Но вампир стоял с видом гордо возведенного монумента и я ещё на всякий случай подёргавшись — и убедившись что серебряные цепи держат крепко и жгут до жути — сам выпрямился. И изобразил крайнюю степень величия на лице. Вот так погибнет Нод, сын Нуда, кандидата наук. Пап, прости меня оболтуса.
Вампиру в пещере они тоже не сильно обрадовались и шустро отправили второй запрос.
И вот теперь мы оба красовались на помосте перед многоликой толпой. Среди пока ещё скучающих зевак продавали леденцы из плетёной корзины. В воздухе пахло скорым снегом.
— Зовут то тебя как? — спросил я поворачивая голову налево.
— Ксандер.
— Меня Нод.
— Знаешь что Нод, про нас можно будет сказать что мы жили долго и счастливо.
— Это ещё почему же?
— Потому что умерли в один день.
— Пфф.
Вампир осклабился.
— Давай споём, — предложил он.
— Ты таких песен не знаешь, — хмыкнул я.
— А ты проверь.
— Ладно. Гей-хо, бывал я во Дворе. И никто не радовался мне. Зато как уходил, весь Двор им…
Вампир сразу подхватил и вот мы уже на две глотки горланим скабрезную песенку.
— Во Дворе дамы прекрасны, да с юбкой беда, всё кавалер её меряет, да! Губы помадит и пудру пудрит. Вот ещё белый парик примостит. Гей-хо!
Тут уж нас под дых так приложили, что песенка чуть прервалась.
— Маски носить лучше ночью и днём, если лицом брат-близнец с кирпичом!
Толпа к тому времени приободрилась и местами начала запевать. Это предало нам предсмертной бодрости и мы уже начали ногами приплясывать, когда с криками: «Заткнулись оба!», к нам не ринулся палач и каждого приложил наотмашь кулаком. Тут уж стало не до песен.
— Плохой ты колдун, — сумев дышать констатировал я.
— Не хочу себя выдавать.
— Ага, не рассекреченный хладный труп всегда лучше живого рассекреченного.
Помолчали.
— А я ещё так мало пожил.
— А я ничего так.
— Да ладно, сколько тебе лет?
— Девяносто пять.
Вампиры, одним словом.
— Приготовились! — послышалось за спиной.
Умирать в цепях не хотелось. Вот это уже гадость так гадость. Оборотню хуже не найти. Зато вон леденцы охотнее стали раскупать и с нас договариваться руку там взять на зелье или на память. А вдруг я той румяной ведьме как личность понравился?
А монету она заранее тому типу в чёрном платит так, на цветы мне, скажем.

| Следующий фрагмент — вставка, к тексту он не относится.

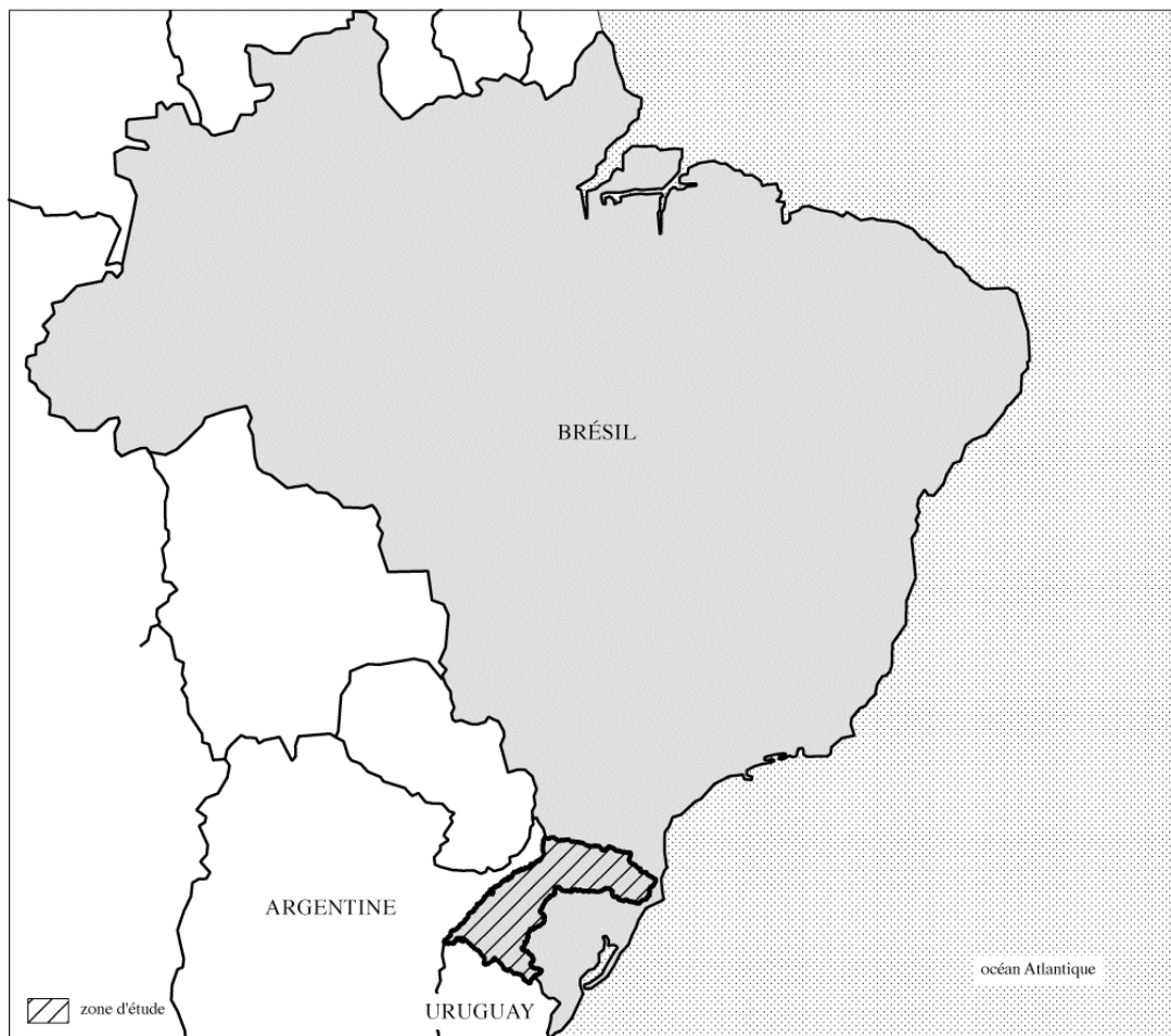
Carte 1: Localisation de la zone d'étude, le bassin versant du fleuve Uruguay, au Brésil.

À travers l'analyse historique de cette contestation sociale, on peut discerner son empreinte territoriale sur tout l'espace brésilien, avec deux zones de concentration, que sont l'Amazonie et le Sud. C'est sur ce dernier espace polémique que nous allons maintenant nous attarder. Le sud est actuellement une région dynamique pour le secteur électrique et très polémique pour les « atingidos ». La localisation des barrages et le potentiel d'expansion se situent sur le bassin versant du fleuve Uruguay ( cf : carte 1). Le plan 2010 prévoyait la construction de 23 barrages à l'horizon 2010, mais la crise économique et divers facteurs externes ont limité leurs implantations. Seulement huit sont en fonctionnement ( cf : Carte 2) ou en voie de l'être sur la totalité des barrages prévus. Mais le plan 2030, prévoit de continuer à exploiter ce bassin et même si le nombre de barrages prévus n'est pas encore déterminé, nombreux sont en projet ou en cours de réalisation.

Меня ведь не просто так в гарнизон отправили, ещё и за долги. Так их хоть с семьи сняли. Вот этот момент положительный и можно сказать, позитивный.
— Эй, оборотень.
— А?
— Зря ты тогда бутерброд не взял.
Уж тут меня так пробрало, что палач вконец перепуганный, дёрнулся и нечаянно подал сигнал. Забили барабаны. Уж делать было нечего, палач двинулся к рычагу. Я выпятил грудь что б попредставительнее. По всей видимости, ведьма с меня и вампира этого ещё и волос сторговала, на порчу.
— Один.
Толпа притихла, но леденцы всё ещё покупала. Один мальчуган сунул петушка за веснушчатую щёку.
— Два.
Залаяла снизу рыжая собачонка.
— Три.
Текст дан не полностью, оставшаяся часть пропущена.